Negli uffici pubblici, nei ministeri e negli enti locali, comunque, sia a livello centrale, sia in periferia, negli ultimi dieci anni c’è stata una costante crescita della presenza femminile. E oggi il 53,4% degli impiegati della pubblica amministrazione sono infatti donne. La parità, alla base della piramide, è stata dunque superata. Fra i colletti bianchi, però, la presenza rosa diminuisce velocemente salendo di grado. Le donne che ricoprono cariche dirigenziali di primo livello nei ministeri sono solo il 14,5%. Stessa situazione per gli organi periferici dello Stato: le donne prefetto titolari di prefettura sono appena il 9,7% del totale. E fra i questori titolari di sede non c’è una sola donna. «Purtroppo l’ambiente della polizia, nonostante ci siano tantissime bravissime donne, resta molto maschile e maschilista», osserva la Cgil.

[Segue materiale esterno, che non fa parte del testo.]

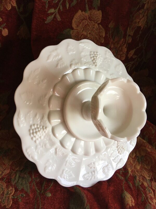 Pedestal Cake Plate, Paneled And Grape Westmoreland Milk Glass~ Vintage

L’unica eccezione è nelle sovrintendenze ai beni archeologici: qui le donne hanno raggiunto la sospirata parità nelle posizioni dirigenziali (50%).
Poi c’è il capitolo università. Le donne sono abbastanza rappresentate al primo step della carriera: sono il 42,9% del totale dei ricercatori, con punte sopra il 50% nelle materie umanistiche e nella biologia. Poi la carriera si inceppa. E le donne che arrivano al rango di professore associato sono meno del 26%. Andando avanti la selezione per sesso è ancora più dura: solo il 15,9% dei professori ordinari sono donne. E — come ha scritto Cittalia nello studio — «anche in alcune facoltà storicamente a forte prevalenza femminile (per esempio farmacia, psicologia, lettere, filosofia) la percentuale di docenti ordinari è sempre molto sbilanciata a favore della componente maschile ». Insomma, la materia conta poco. I vertici del mondo accademico sono infatti quasi interamente riservati agli uomini: i rettori donna sono 4 in tutta Italia (due di università, due di scuole superiori di livello universitario).